Я тоже попробовал поэксперементировать и сочинил таким манером следующие три строфы (надо сказать, что на сочинение мне понадобилось всего лишь четыре минуты и при этом львиная доля времени ушла на запись придуманного):


    Под звездами в забытом теле
    Уже испортилась стерня.
    На пульсе краешком созрели
    Бойцы. Затихла пятерня.

    Закончен праведник - у моря
    Его разливы извелись,
    И только жалость в чудном воре
    Все опускается под высь.

    Куда заходит час блаженства
    Для развалившихся волчат?
    Да бог с ним, этим совершенством!
    Псалмы застенчиво брянчат...


О чем это стихотворение? Я понятия не имею. Видимо, оно относится к категории боговдохновенных и суть его известна лишь каким -то божественным субстанциям, проводником воли которых я всего лишь являлся... Хотелось бы, что бы это откровение проанализировал СЧР - интересно, какие приёмы он будет использовать для критики Высших Сил? И, наверное, я этот метод начну воплощать в жизнь - за месяц тыщу стишков накатаю, как минимум; Господи, благослови!

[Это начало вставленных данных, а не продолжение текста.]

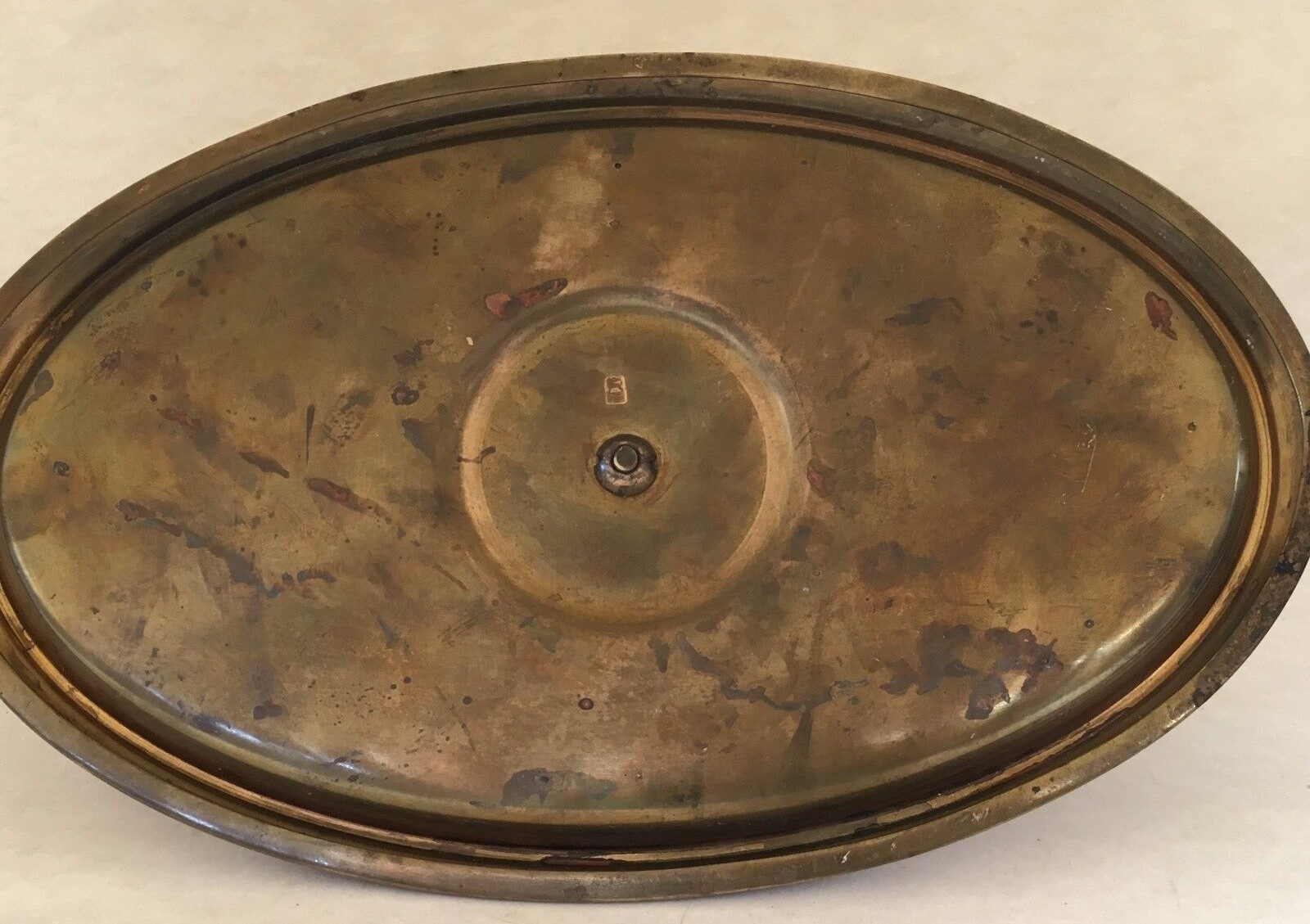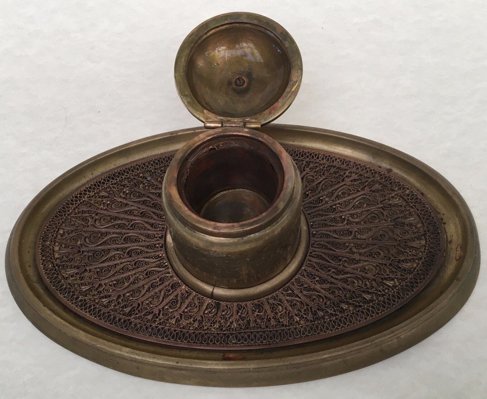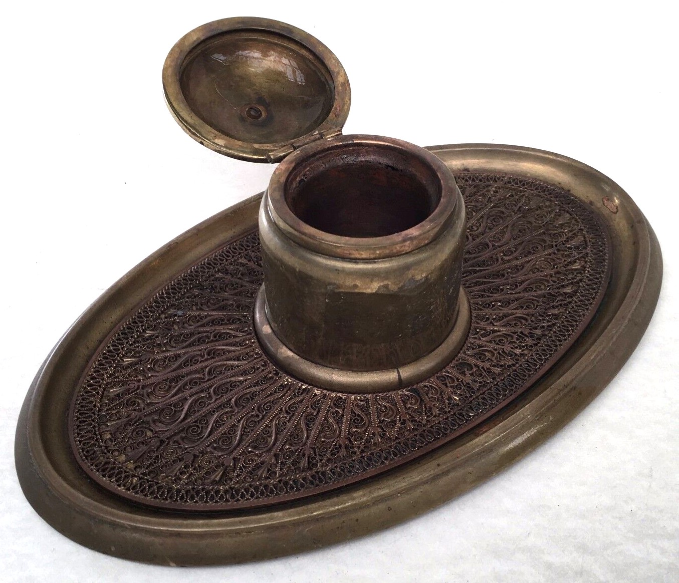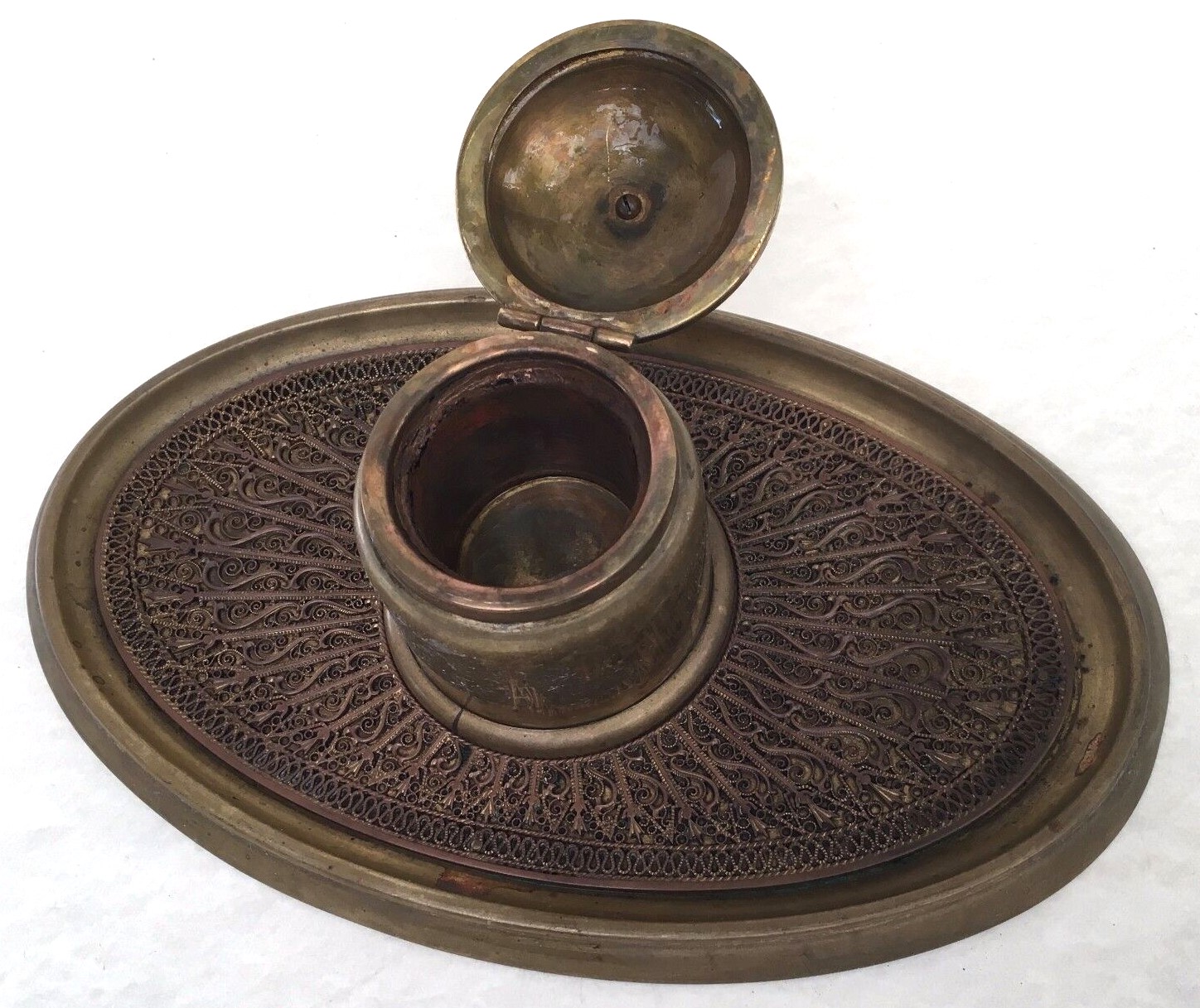 ERHARD & Söhne was established in 1844. The company Erhard & Sons was established by Carl Gottlieb Erhard and his two sons in Schwäbisch Gmünd in 1844. Erhard & Söhne had the world-patent for the manufacture of brass-inlay in 1904. Since then, they designed and manufactured high-quality brass-inlay boxes and items which represented unique and noble German Art-Nouveau style at its peak. This inkstand is marked: Erhard & Söhne maker’s mark, an “E” and Lion-aquamanile. It displays beautiful filigree. Insert missing.

И всё-таки главный вопрос, связанный с формализмом, заключается не в том, как выглядят перлы авангардистов и что они думают, их создавая, а в  причинах, вызвавших такое странное социально-культурное явление.

Почему так случилось, что огромное количество граждан, как сочиняющих, так и читающих, вдруг увлеклись совершенно бессмысленными фразами и убогим юродствованием? Проще всего это можно было бы объяснить ростом шизофренических наклонностей, вызванных перманентной стрессовой ситуацией нового времени или простой человеческой ленью. Но всё же, учитывая массовость исследуемого   феномена, вряд ли стоит полагать, что эта огромная масса полностью состоит из одних шизиков и лентяев. Видимо, всё же подлинные истоки преклонения пред абсурдом лежат гораздо глубже и, скорее всего, являются результатом каких-то  подспудных общественных и психологических изменений, следовавших за революционными изменениями  политическими и экономическими; разумеется, здесь нет ничего общего ни с "энергетикой души", ни с "ведическими знаниями". "Что-то организму не хватает" - как говорят в таких случаях бабушки, наслушавшиеся радиопередач на медицинские темы.

Тем не менее, я хотел бы в заключении проиллюстрировать статью своеобразным дружеским шаржем: отрывком из произведения еще одного классика, также жившего в начале прошедшего века - Герберта Уэллса. В романе "Остров доктора Моро" он описывает опыты одного ученого, с помощью вивисекции сумевшего превращать животных в людей. Эти создания наряду с приобретенными человеческими чертами сохраняли свои животные свойства, которые время от времени проявлялись в жизни.
Так вот, одним из таких человекозверей был обезьяночеловек; его характерной особенностью была тяга к "работе со словом". Это его увлечение проявлялось следующим образом (речь идет от лица путешественника, случайно попавшего на остров, где проводились эксперименты):
 "Только  одно  забавляло  меня  в  нем (в обезьяночеловеке - Е.Н.):  он  обладал необычайной способностью выдумывать новые слова. Мне  кажется,  он  думал,что  истинное  назначение  человеческой  речи  состоит   в   бессмысленной болтовне. Эти бессмысленные слова он называл "большими мыслями" в  отличие от "маленьких мыслей", под которыми подразумевались нормальные,  обыденные вещи. Когда я говорил что-нибудь  непонятное  для  него,  это  ему  ужасно нравилось, он просил меня повторить, заучивал сказанное наизусть и уходил, повторяя, путая и переставляя слова, а потом говорил это всем своим  более или менее добродушным собратьям. Ко всему, что было просто и  понятно,  он относился с презрением. Я придумал специально для него несколько  забавных "больших мыслей". Теперь он кажется мне самым глупым  существом,  какое  я видел в жизни; он удивительнейшим образом развил в себе чисто человеческую глупость, не потеряв при этом ни одной сотой доли прирожденной  обезьяньей глупости."